Prompt:
Drop every picture, then repeat the records exactly.

Dataset:
■ ■ ■ ■

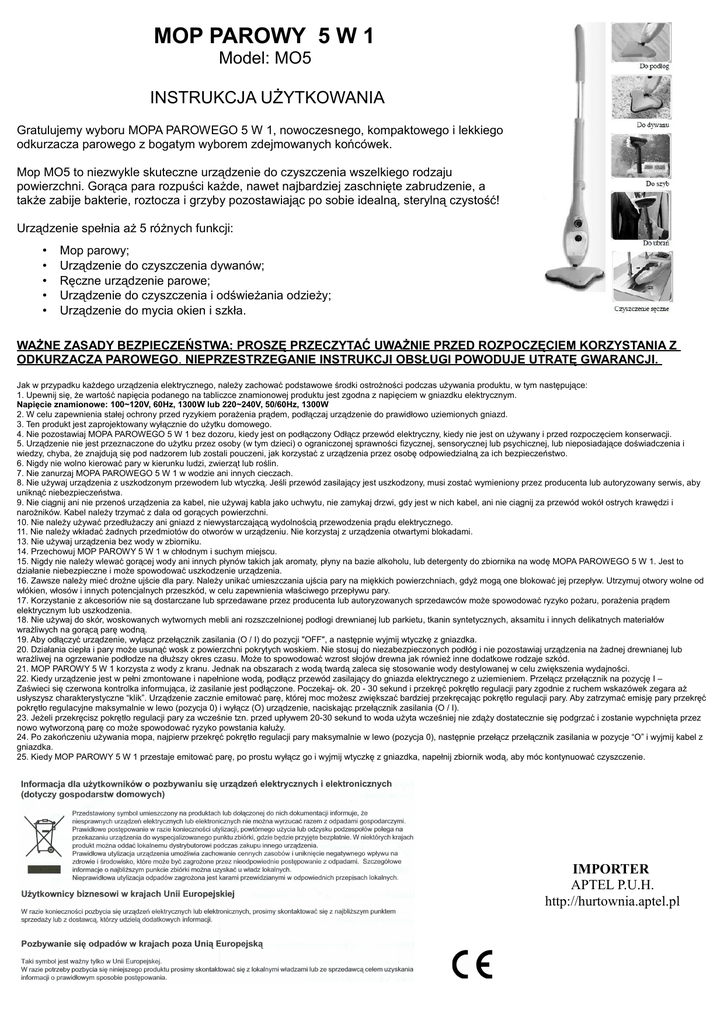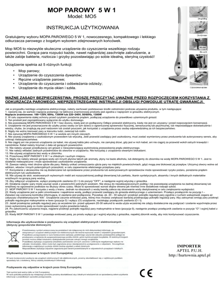 MOP PAROWY 5 W 1 Model: MO5 INSTRUKCJA UŻYTKOWANIA Gratulujemy wyboru MOPA PAROWEGO 5 W 1, nowoczesnego, kompaktowego i lekkiego odkurzacza parowego z bogatym wyborem zdejmowanych końcówek. Mop MO5 to niezwykle skuteczne urządzenie do czyszczenia wszelkiego rodzaju powierzchni. Gorąca para rozpuści każde, nawet najbardziej zaschnięte zabrudzenie, a także zabije bakterie, roztocza i grzyby pozostawiając po sobie idealną, sterylną czystość! Urządzenie spełnia aż 5 różnych funkcji: • • • • • Mop parowy; Urządzenie do czyszczenia dywanów; Ręczne urządzenie parowe; Urządzenie do czyszczenia i odświeżania odzieży; Urządzenie do mycia okien i szkła. WAŻNE ZASADY BEZPIECZEŃSTWA: PROSZĘ PRZECZYTAĆ UWAŻNIE PRZED ROZPOCZĘCIEM KORZYSTANIA Z ODKURZACZA PAROWEGO. NIEPRZESTRZEGANIE INSTRUKCJI OBSŁUGI POWODUJE UTRATĘ GWARANCJI. Jak w przypadku każdego urządzenia elektrycznego, należy zachować podstawowe środki ostrożności podczas używania produktu, w tym następujące: 1. Upewnij się, że wartość napięcia podanego na tabliczce znamionowej produktu jest zgodna z napięciem w gniazdku elektrycznym. Napięcie znamionowe: 100~120V, 60Hz, 1300W lub 220~240V, 50/60Hz, 1300W 2. W celu zapewnienia stałej ochrony przed ryzykiem porażenia prądem, podłączaj urządzenie do prawidłowo uziemionych gniazd. 3. Ten produkt jest zaprojektowany wyłącznie do użytku domowego. 4. Nie pozostawiaj MOPA PAROWEGO 5 W 1 bez dozoru, kiedy jest on podłączony Odłącz przewód elektryczny, kiedy nie jest on używany i przed rozpoczęciem konserwacji. 5. Urządzenie nie jest przeznaczone do użytku przez osoby (w tym dzieci) o ograniczonej sprawności fizycznej, sensorycznej lub psychicznej, lub nieposiadające doświadczenia i wiedzy, chyba, że znajdują się pod nadzorem lub zostali pouczeni, jak korzystać z urządzenia przez osobę odpowiedzialną za ich bezpieczeństwo. 6. Nigdy nie wolno kierować pary w kierunku ludzi, zwierząt lub roślin. 7. Nie zanurzaj MOPA PAROWEGO 5 W 1 w wodzie ani innych cieczach. 8. Nie używaj urządzenia z uszkodzonym przewodem lub wtyczką. Jeśli przewód zasilający jest uszkodzony, musi zostać wymieniony przez producenta lub autoryzowany serwis, aby uniknąć niebezpieczeństwa. 9. Nie ciągnij ani nie przenoś urządzenia za kabel, nie używaj kabla jako uchwytu, nie zamykaj drzwi, gdy jest w nich kabel, ani nie ciągnij za przewód wokół ostrych krawędzi i narożników. Kabel należy trzymać z dala od gorących powierzchni. 10. Nie należy używać przedłużaczy ani gniazd z niewystarczającą wydolnością przewodzenia prądu elektrycznego. 11. Nie należy wkładać żadnych przedmiotów do otworów w urządzeniu. Nie korzystaj z urządzenia otwartymi blokadami. 13. Nie używaj urządzenia bez wody w zbiorniku. 14. Przechowuj MOP PAROWY 5 W 1 w chłodnym i suchym miejscu. 15. Nigdy nie należy wlewać gorącej wody ani innych płynów takich jak aromaty, płyny na bazie alkoholu, lub detergenty do zbiornika na wodę MOPA PAROWEGO 5 W 1. Jest to działanie niebezpieczne i może spowodować uszkodzenie urządzenia. 16. Zawsze należy mieć drożne ujście dla pary. Należy unikać umieszczania ujścia pary na miękkich powierzchniach, gdyż mogą one blokować jej przepływ. Utrzymuj otwory wolne od włókien, włosów i innych potencjalnych przeszkód, w celu zapewnienia właściwego przepływu pary. 17. Korzystanie z akcesoriów nie są dostarczane lub sprzedawane przez producenta lub autoryzowanych sprzedawców może spowodować ryzyko pożaru, porażenia prądem elektrycznym lub uszkodzenia. 18. Nie używaj do skór, woskowanych wytwornych mebli ani rozszczelnionej podłogi drewnianej lub parkietu, tkanin syntetycznych, aksamitu i innych delikatnych materiałów wrażliwych na gorącą parę wodną. 19. Aby odłączyć urządzenie, wyłącz przełącznik zasilania (O / I) do pozycji "OFF", a następnie wyjmij wtyczkę z gniazdka. 20. Działania ciepła i pary może usunąć wosk z powierzchni pokrytych woskiem. Nie stosuj do niezabezpieczonych podłóg i nie pozostawiaj urządzenia na żadnej drewnianej lub wrażliwej na ogrzewanie podłodze na dłuższy okres czasu. Może to spowodować wzrost słojów drewna jak również inne dodatkowe rodzaje szkód. 21. MOP PAROWY 5 W 1 korzysta z wody z kranu. Jednak na obszarach z wodą twardą zaleca się stosowanie wody destylowanej w celu zwiększenia wydajności. 22. Kiedy urządzenie jest w pełni zmontowane i napełnione wodą, podłącz przewód zasilający do gniazda elektrycznego z uziemieniem. Przełącz przełącznik na pozycję I – Zaświeci się czerwona kontrolka informująca, iż zasilanie jest podłączone. Poczekaj- ok. 20 - 30 sekund i przekręć pokrętło regulacji pary zgodnie z ruchem wskazówek zegara aż usłyszysz charakterystyczne “klik”. Urządzenie zacznie emitować parę, której moc możesz zwiększać bardziej przekręcając pokrętło regulacji pary. Aby zatrzymać emisję pary przekręć pokrętło regulacyjne maksymalnie w lewo (pozycja 0) i wyłącz (O) urządzenie, naciskając przełącznik zasilania (O / I). 23. Jeżeli przekręcisz pokrętło regulacji pary za wcześnie tzn. przed upływem 20-30 sekund to woda użyta wcześniej nie zdąży dostatecznie się podgrzać i zostanie wypchnięta przez nowo wytworzoną parę co może spowodować ryzyko powstania kałuży. 24. Po zakończeniu używania mopa, najpierw przekręć pokrętło regulacji pary maksymalnie w lewo (pozycja 0), następnie przełącz przełącznik zasilania w pozycje “O” i wyjmij kabel z gniazdka. 25. Kiedy MOP PAROWY 5 W 1 przestaje emitować parę, po prostu wyłącz go i wyjmij wtyczkę z gniazdka, napełnij zbiornik wodą, aby móc kontynuować czyszczenie. IMPORTER APTEL P.U.H. http://hurtownia.aptel.pl
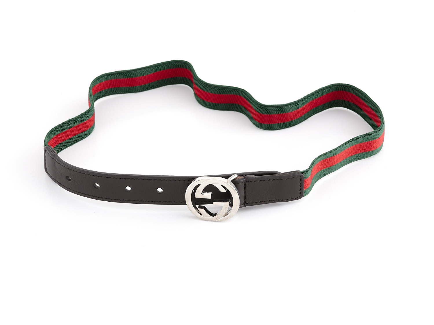GUCCI, BELT - Styled green and red elastic with black leather and GG silver tone metal buckle, width 2.5cm.
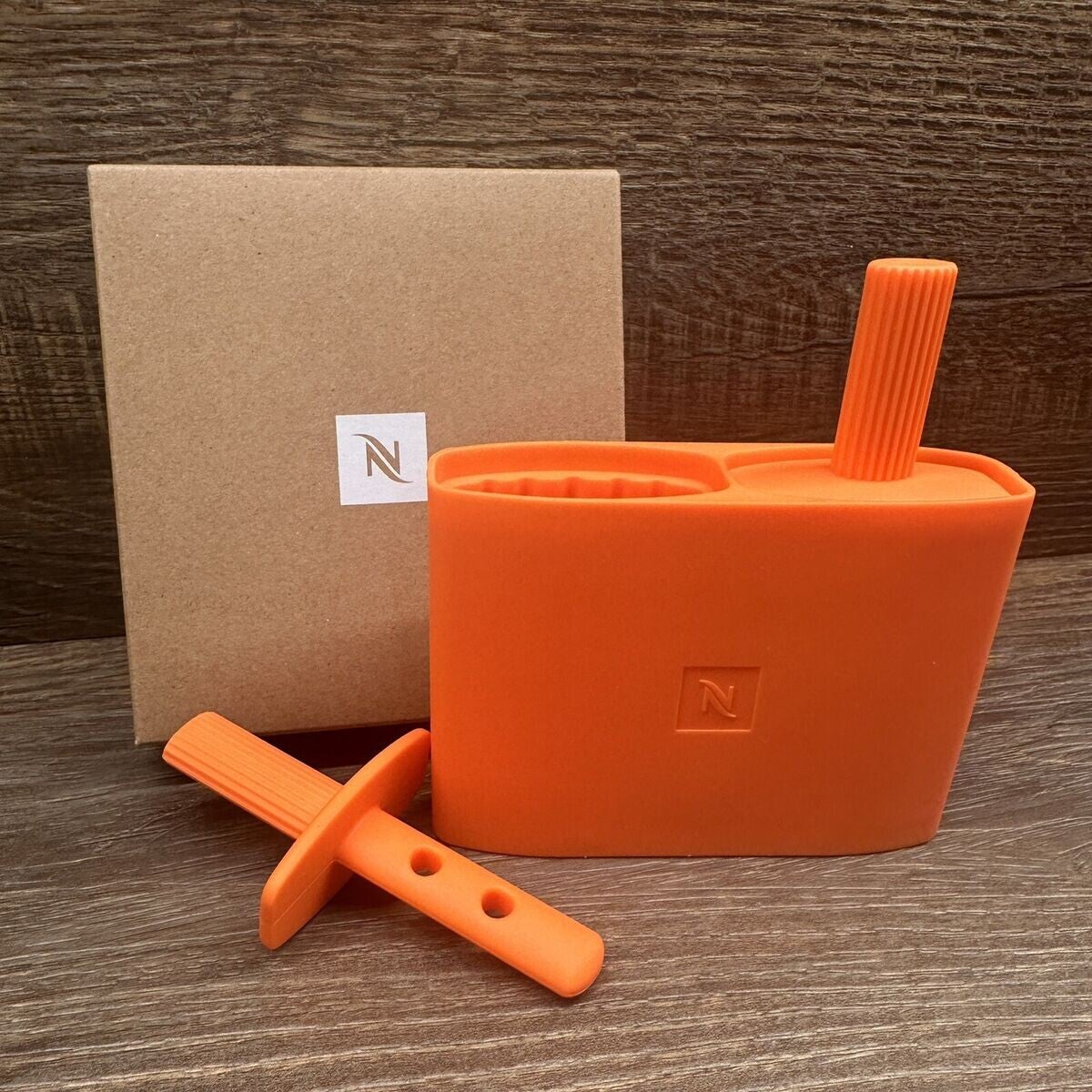 Maak je eigen verfrissende ijstraktaties met deze stijlvolle, herbruikbare ijslollyvorm van Nespresso! Gemaakt van hoogwaardig siliconen in een levendige oranje kleur – perfect voor hete zomerdagen.
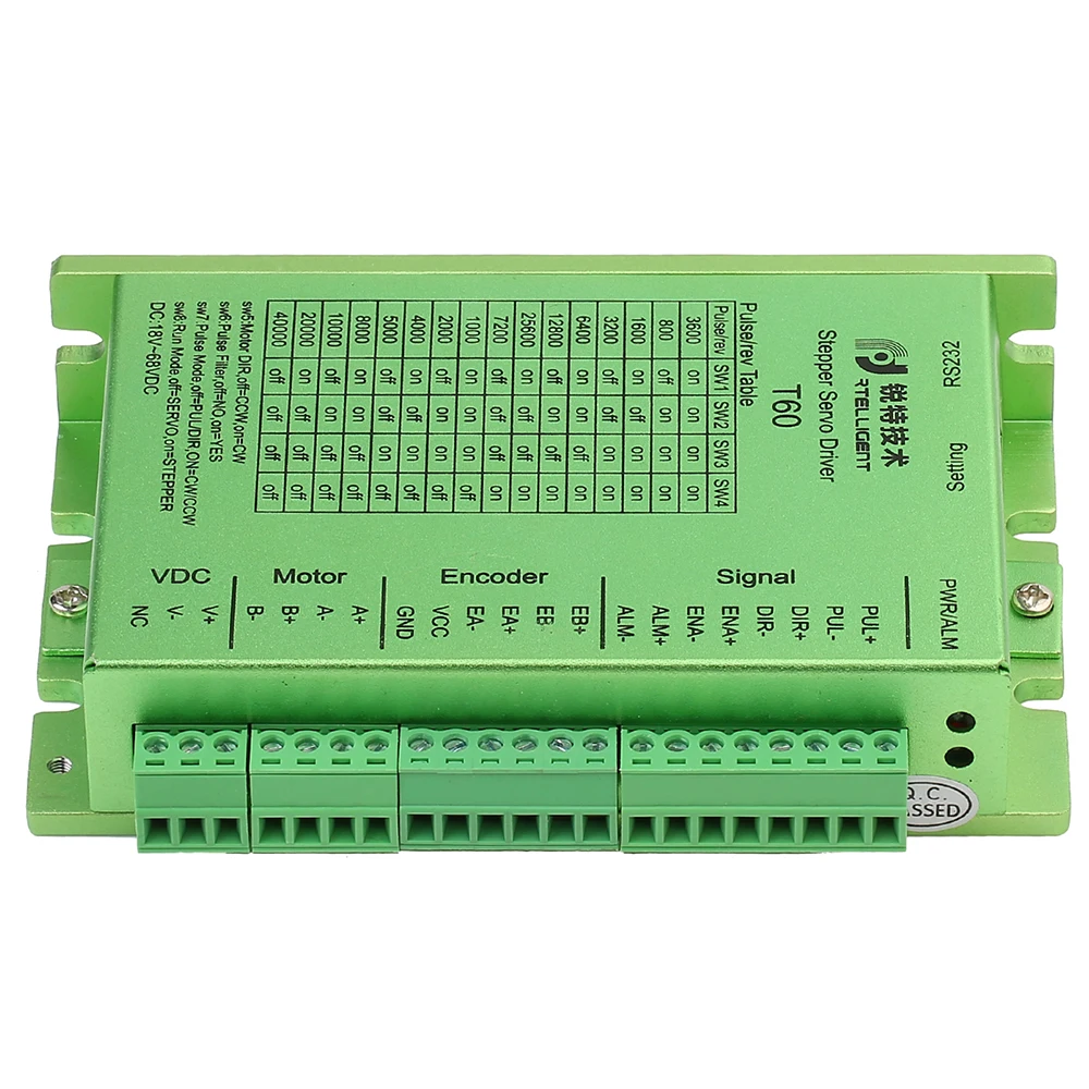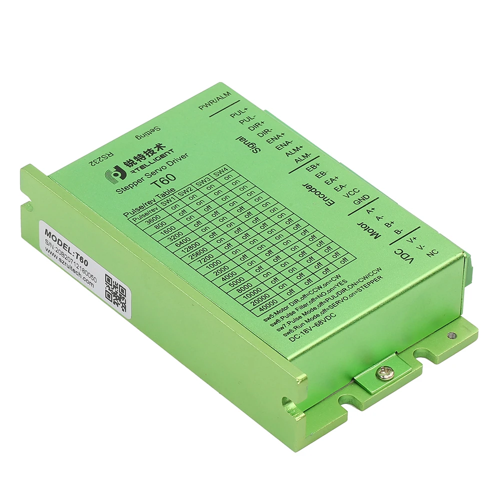 Based on the new 32-bit DSP platform, provided with vector control technology and servo demodulation function internally and in combination with feedback from the encoder of closed loop motor, T60 stepper servo drive enables the stepper servo system to feature low noise, low heating, no loss of step and higher application speed, able to improve performance of the intelligent equipment system comprehensively.
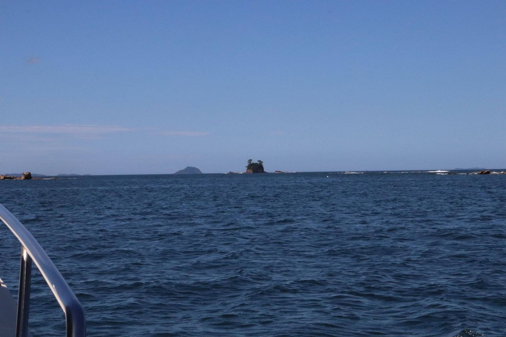 風が強く、海がそこそこ荒れていて上陸できそうにないとのこと。

■ ■ ■ ■

Solution to this exercise:
 MOP PAROWY 5 W 1 Model: MO5 INSTRUKCJA UŻYTKOWANIA Gratulujemy wyboru MOPA PAROWEGO 5 W 1, nowoczesnego, kompaktowego i lekkiego odkurzacza parowego z bogatym wyborem zdejmowanych końcówek. Mop MO5 to niezwykle skuteczne urządzenie do czyszczenia wszelkiego rodzaju powierzchni. Gorąca para rozpuści każde, nawet najbardziej zaschnięte zabrudzenie, a także zabije bakterie, roztocza i grzyby pozostawiając po sobie idealną, sterylną czystość! Urządzenie spełnia aż 5 różnych funkcji: • • • • • Mop parowy; Urządzenie do czyszczenia dywanów; Ręczne urządzenie parowe; Urządzenie do czyszczenia i odświeżania odzieży; Urządzenie do mycia okien i szkła. WAŻNE ZASADY BEZPIECZEŃSTWA: PROSZĘ PRZECZYTAĆ UWAŻNIE PRZED ROZPOCZĘCIEM KORZYSTANIA Z ODKURZACZA PAROWEGO. NIEPRZESTRZEGANIE INSTRUKCJI OBSŁUGI POWODUJE UTRATĘ GWARANCJI. Jak w przypadku każdego urządzenia elektrycznego, należy zachować podstawowe środki ostrożności podczas używania produktu, w tym następujące: 1. Upewnij się, że wartość napięcia podanego na tabliczce znamionowej produktu jest zgodna z napięciem w gniazdku elektrycznym. Napięcie znamionowe: 100~120V, 60Hz, 1300W lub 220~240V, 50/60Hz, 1300W 2. W celu zapewnienia stałej ochrony przed ryzykiem porażenia prądem, podłączaj urządzenie do prawidłowo uziemionych gniazd. 3. Ten produkt jest zaprojektowany wyłącznie do użytku domowego. 4. Nie pozostawiaj MOPA PAROWEGO 5 W 1 bez dozoru, kiedy jest on podłączony Odłącz przewód elektryczny, kiedy nie jest on używany i przed rozpoczęciem konserwacji. 5. Urządzenie nie jest przeznaczone do użytku przez osoby (w tym dzieci) o ograniczonej sprawności fizycznej, sensorycznej lub psychicznej, lub nieposiadające doświadczenia i wiedzy, chyba, że znajdują się pod nadzorem lub zostali pouczeni, jak korzystać z urządzenia przez osobę odpowiedzialną za ich bezpieczeństwo. 6. Nigdy nie wolno kierować pary w kierunku ludzi, zwierząt lub roślin. 7. Nie zanurzaj MOPA PAROWEGO 5 W 1 w wodzie ani innych cieczach. 8. Nie używaj urządzenia z uszkodzonym przewodem lub wtyczką. Jeśli przewód zasilający jest uszkodzony, musi zostać wymieniony przez producenta lub autoryzowany serwis, aby uniknąć niebezpieczeństwa. 9. Nie ciągnij ani nie przenoś urządzenia za kabel, nie używaj kabla jako uchwytu, nie zamykaj drzwi, gdy jest w nich kabel, ani nie ciągnij za przewód wokół ostrych krawędzi i narożników. Kabel należy trzymać z dala od gorących powierzchni. 10. Nie należy używać przedłużaczy ani gniazd z niewystarczającą wydolnością przewodzenia prądu elektrycznego. 11. Nie należy wkładać żadnych przedmiotów do otworów w urządzeniu. Nie korzystaj z urządzenia otwartymi blokadami. 13. Nie używaj urządzenia bez wody w zbiorniku. 14. Przechowuj MOP PAROWY 5 W 1 w chłodnym i suchym miejscu. 15. Nigdy nie należy wlewać gorącej wody ani innych płynów takich jak aromaty, płyny na bazie alkoholu, lub detergenty do zbiornika na wodę MOPA PAROWEGO 5 W 1. Jest to działanie niebezpieczne i może spowodować uszkodzenie urządzenia. 16. Zawsze należy mieć drożne ujście dla pary. Należy unikać umieszczania ujścia pary na miękkich powierzchniach, gdyż mogą one blokować jej przepływ. Utrzymuj otwory wolne od włókien, włosów i innych potencjalnych przeszkód, w celu zapewnienia właściwego przepływu pary. 17. Korzystanie z akcesoriów nie są dostarczane lub sprzedawane przez producenta lub autoryzowanych sprzedawców może spowodować ryzyko pożaru, porażenia prądem elektrycznym lub uszkodzenia. 18. Nie używaj do skór, woskowanych wytwornych mebli ani rozszczelnionej podłogi drewnianej lub parkietu, tkanin syntetycznych, aksamitu i innych delikatnych materiałów wrażliwych na gorącą parę wodną. 19. Aby odłączyć urządzenie, wyłącz przełącznik zasilania (O / I) do pozycji "OFF", a następnie wyjmij wtyczkę z gniazdka. 20. Działania ciepła i pary może usunąć wosk z powierzchni pokrytych woskiem. Nie stosuj do niezabezpieczonych podłóg i nie pozostawiaj urządzenia na żadnej drewnianej lub wrażliwej na ogrzewanie podłodze na dłuższy okres czasu. Może to spowodować wzrost słojów drewna jak również inne dodatkowe rodzaje szkód. 21. MOP PAROWY 5 W 1 korzysta z wody z kranu. Jednak na obszarach z wodą twardą zaleca się stosowanie wody destylowanej w celu zwiększenia wydajności. 22. Kiedy urządzenie jest w pełni zmontowane i napełnione wodą, podłącz przewód zasilający do gniazda elektrycznego z uziemieniem. Przełącz przełącznik na pozycję I – Zaświeci się czerwona kontrolka informująca, iż zasilanie jest podłączone. Poczekaj- ok. 20 - 30 sekund i przekręć pokrętło regulacji pary zgodnie z ruchem wskazówek zegara aż usłyszysz charakterystyczne “klik”. Urządzenie zacznie emitować parę, której moc możesz zwiększać bardziej przekręcając pokrętło regulacji pary. Aby zatrzymać emisję pary przekręć pokrętło regulacyjne maksymalnie w lewo (pozycja 0) i wyłącz (O) urządzenie, naciskając przełącznik zasilania (O / I). 23. Jeżeli przekręcisz pokrętło regulacji pary za wcześnie tzn. przed upływem 20-30 sekund to woda użyta wcześniej nie zdąży dostatecznie się podgrzać i zostanie wypchnięta przez nowo wytworzoną parę co może spowodować ryzyko powstania kałuży. 24. Po zakończeniu używania mopa, najpierw przekręć pokrętło regulacji pary maksymalnie w lewo (pozycja 0), następnie przełącz przełącznik zasilania w pozycje “O” i wyjmij kabel z gniazdka. 25. Kiedy MOP PAROWY 5 W 1 przestaje emitować parę, po prostu wyłącz go i wyjmij wtyczkę z gniazdka, napełnij zbiornik wodą, aby móc kontynuować czyszczenie. IMPORTER APTEL P.U.H. http://hurtownia.aptel.pl
GUCCI, BELT - Styled green and red elastic with black leather and GG silver tone metal buckle, width 2.5cm.
 Maak je eigen verfrissende ijstraktaties met deze stijlvolle, herbruikbare ijslollyvorm van Nespresso! Gemaakt van hoogwaardig siliconen in een levendige oranje kleur – perfect voor hete zomerdagen.
 Based on the new 32-bit DSP platform, provided with vector control technology and servo demodulation function internally and in combination with feedback from the encoder of closed loop motor, T60 stepper servo drive enables the stepper servo system to feature low noise, low heating, no loss of step and higher application speed, able to improve performance of the intelligent equipment system comprehensively.
 風が強く、海がそこそこ荒れていて上陸できそうにないとのこと。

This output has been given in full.